Add a warning about exporting a filesystem using WebNFS and also exporting

it the normal way, read/write to specific clients.
1997-10-19 15:29:20 +00:00 · 1997-10-19 15:29:20 +00:00 · 88d9f0f6a9
parent dc3654b410
commit 88d9f0f6a9
1 changed files with 11 additions and 1 deletions
--- a/usr.sbin/mountd/exports.5
+++ b/usr.sbin/mountd/exports.5
@ -1,4 +1,4 @@
-.\"	$NetBSD: exports.5,v 1.12 1997/06/24 23:53:20 fvdl Exp $
+.\"	$NetBSD: exports.5,v 1.13 1997/10/19 15:29:20 fvdl Exp $
 .\"
 .\" Copyright (c) 1989, 1991, 1993
 .\"	The Regents of the University of California.  All rights reserved.
@ -212,6 +212,16 @@ or
 .Fl webnfs
 flags.
 .Pp
+.Bf -symbolic
+Warning: exporting a filesystem both using WebNFS and read/write in
+the normal way to other hosts should be avoided in an environment
+that is vulnerable to IP spoofing.
+.Ef
+WebNFS enables any client to get filehandles to the exported filesystem.

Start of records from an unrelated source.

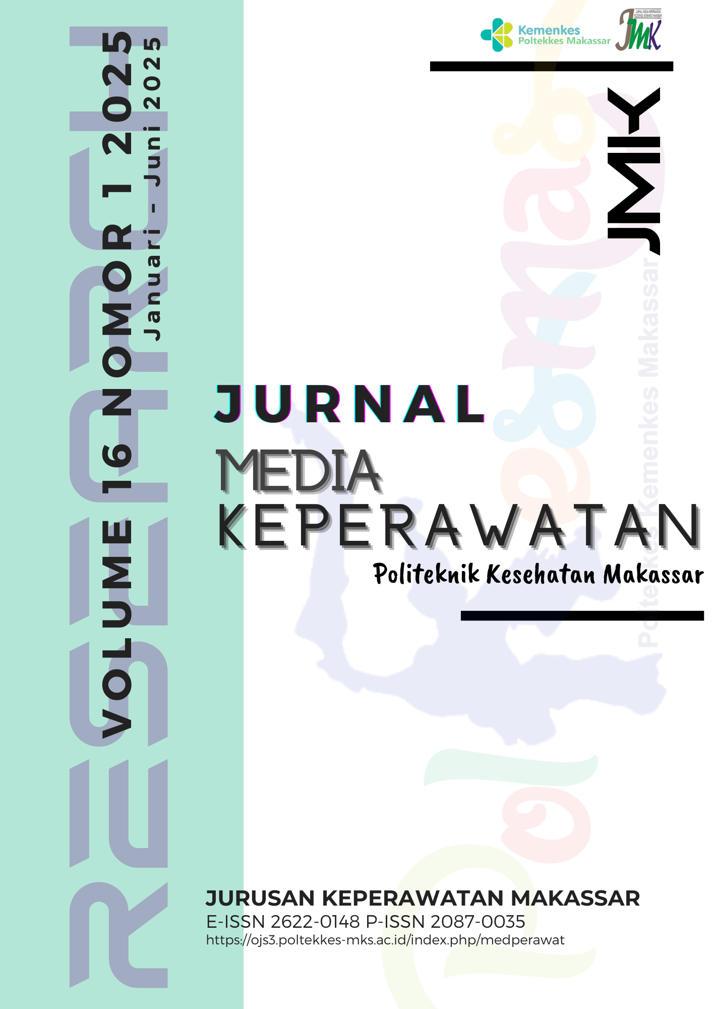Vol 16 No 1 (2025)Media Keperawatan : Politeknik Kesehatan Makassar. E-ISSN 2622-0148, P-ISSN 2087-0035. Kebutuhan publikasi aspirasi ilmiah dari kalangan penggiat kesehatan khususnya Dosen dalam hal ini dosen untuk Keperawatan semakin meningkat, oleh karena itu Jurnal Media Keperawatan muncul sebagai salah satu sarana untuk publikasi segala bentuk ide, hasil penelitian serta kajian ilmiah yang berhubungan dengan pengembangan Keperawatan dan kesehatan pada umumnya. Jurnal Media Keperawatan diterbitkan oleh Jurusan Keperawatan Poltekkes Makassar dengan periode terbit 2 kali dalam setahun, yaitu terbit di bulan Juni dan Desember.
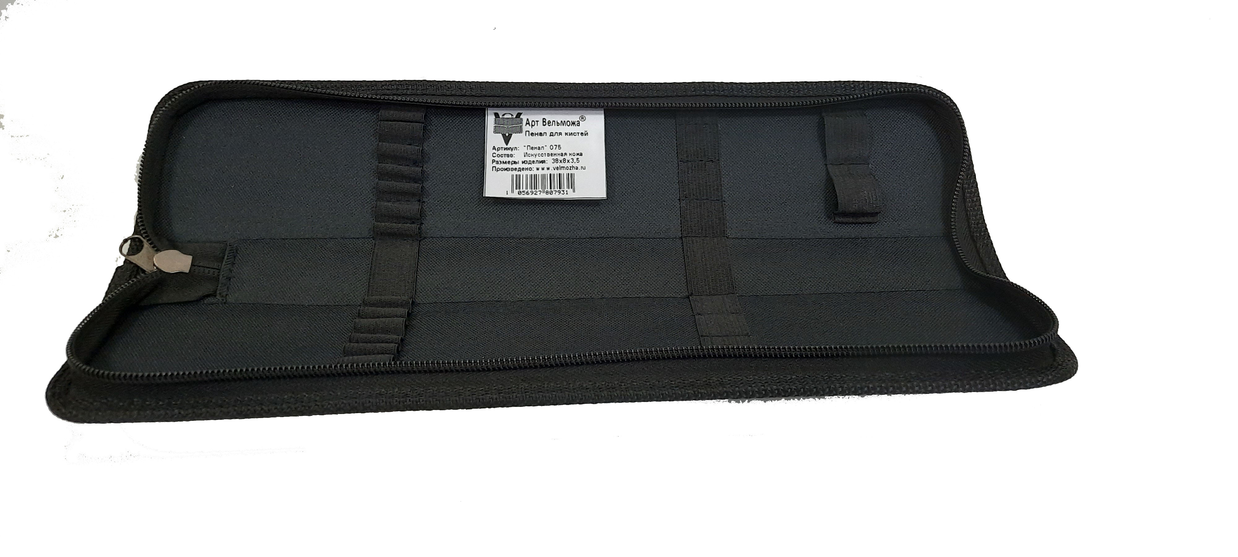 Размер изделия 38*8*3,5 см., жесткая основа, закрывается на "молнию". На внутренней, легко моющейся части пенала, расположены держатели (резинка) для фиксирования принадлежностей и материалов для рисования. Внешняя отделка кожзам.
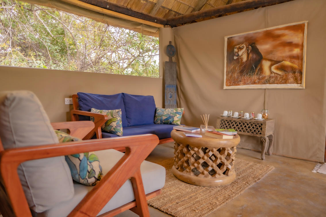 Nestled amidst the serene landscapes of Kafue National Park, the unit presents a unique blend of adventure and tranquility. The canvas walls of the tented chalet provide a canvas for the outside world to blend seamlessly with the interior, creating an immersive experience that allows you to feel both sheltered and connected to nature.
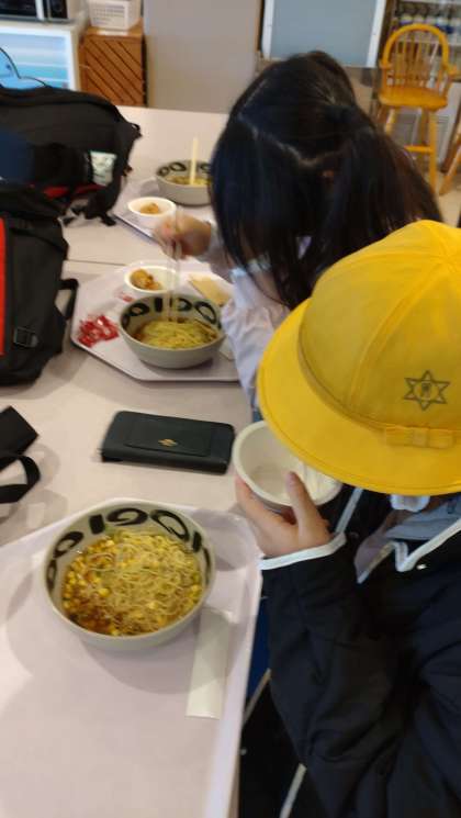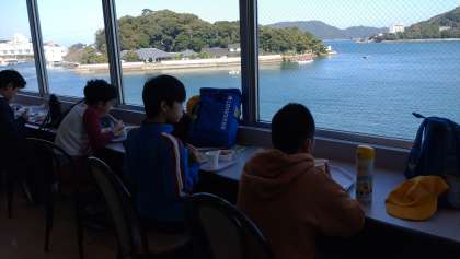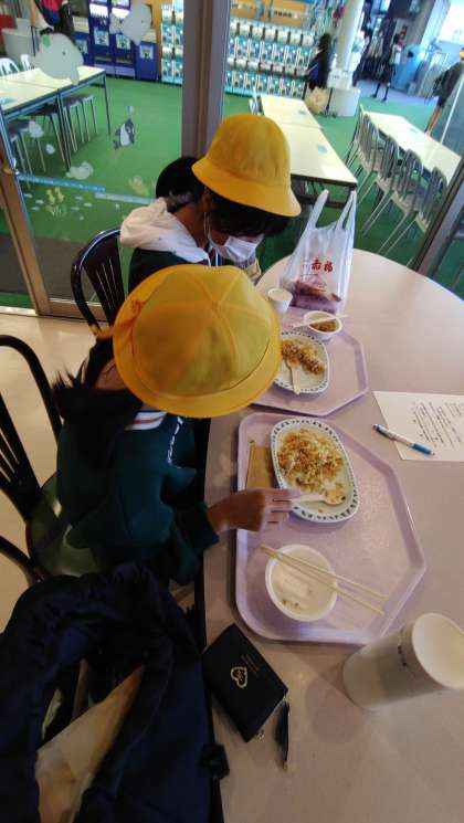 修学旅行 2日目 鳥羽水族館で昼食を食べています。
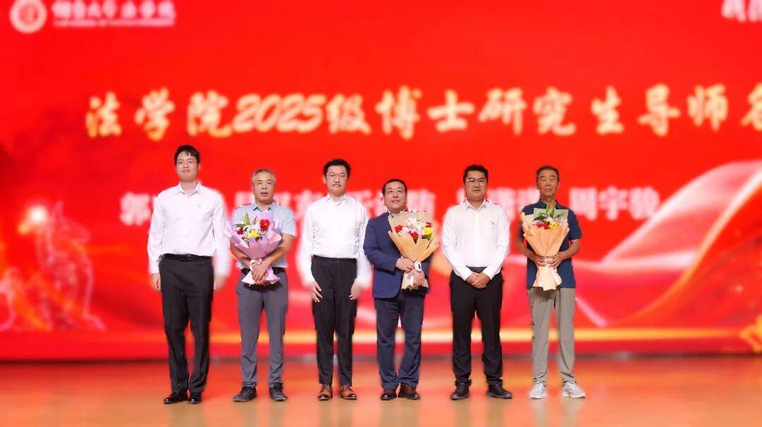 带着对学术引路人的敬意,2025级博士研究生、硕士研究生代表走向导师代表,献上鲜花。一束束鲜花承载着新生们对导师的感恩与求教之心,也象征着法学学术传承的温情时刻,彰显了学院师道传承的优良传统。

+Using IP spoofing, a client could then pretend to be a host to which
+the same filesystem was exported read/write, and use the handle to
+gain access to that filesystem.
+.Pp
 The third component of a line specifies the host set to which the line applies.
 The set may be specified in three ways.
 The first way is to list the host name(s) separated by white space.